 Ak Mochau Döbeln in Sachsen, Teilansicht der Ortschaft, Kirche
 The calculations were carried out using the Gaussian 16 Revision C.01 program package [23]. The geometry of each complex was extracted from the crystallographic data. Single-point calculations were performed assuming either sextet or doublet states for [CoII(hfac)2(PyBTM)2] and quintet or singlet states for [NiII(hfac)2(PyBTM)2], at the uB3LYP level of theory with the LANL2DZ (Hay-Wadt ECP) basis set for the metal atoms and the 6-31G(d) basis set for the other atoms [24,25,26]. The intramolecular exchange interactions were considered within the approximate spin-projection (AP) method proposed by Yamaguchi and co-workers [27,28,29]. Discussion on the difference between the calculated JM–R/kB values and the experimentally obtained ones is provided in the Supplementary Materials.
...
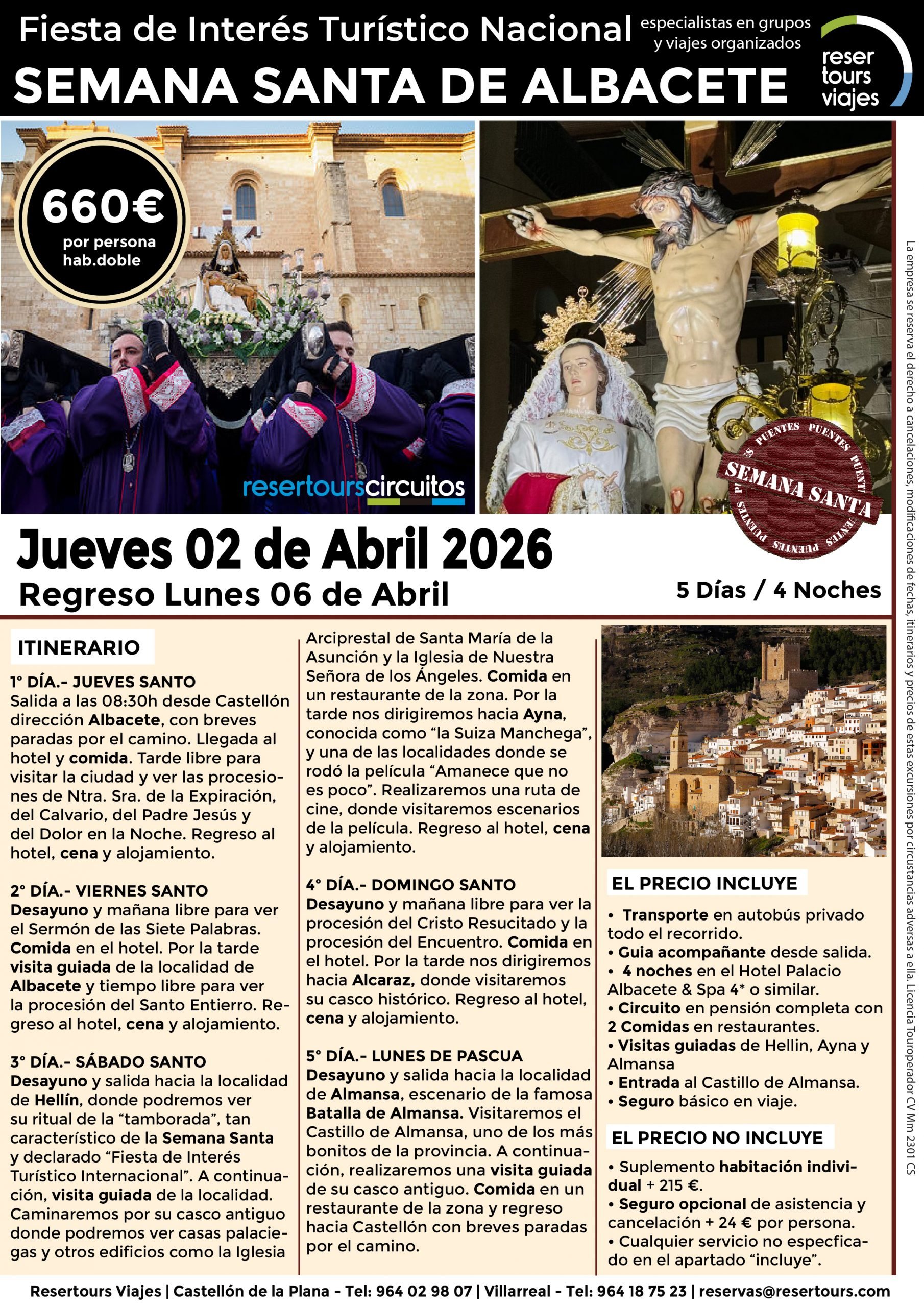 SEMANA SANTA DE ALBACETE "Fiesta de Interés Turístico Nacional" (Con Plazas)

* WHAT THE EXERCISE ASKS *
Would you please repeat exactly the lines above, starting at the line with "Ak Mochau Döbeln" and stopping at the line with "The calculations were", both included?

* ANSWER BOX *
 Ak Mochau Döbeln in Sachsen, Teilansicht der Ortschaft, Kirche
 The calculations were carried out using the Gaussian 16 Revision C.01 program package [23]. The geometry of each complex was extracted from the crystallographic data. Single-point calculations were performed assuming either sextet or doublet states for [CoII(hfac)2(PyBTM)2] and quintet or singlet states for [NiII(hfac)2(PyBTM)2], at the uB3LYP level of theory with the LANL2DZ (Hay-Wadt ECP) basis set for the metal atoms and the 6-31G(d) basis set for the other atoms [24,25,26]. The intramolecular exchange interactions were considered within the approximate spin-projection (AP) method proposed by Yamaguchi and co-workers [27,28,29]. Discussion on the difference between the calculated JM–R/kB values and the experimentally obtained ones is provided in the Supplementary Materials.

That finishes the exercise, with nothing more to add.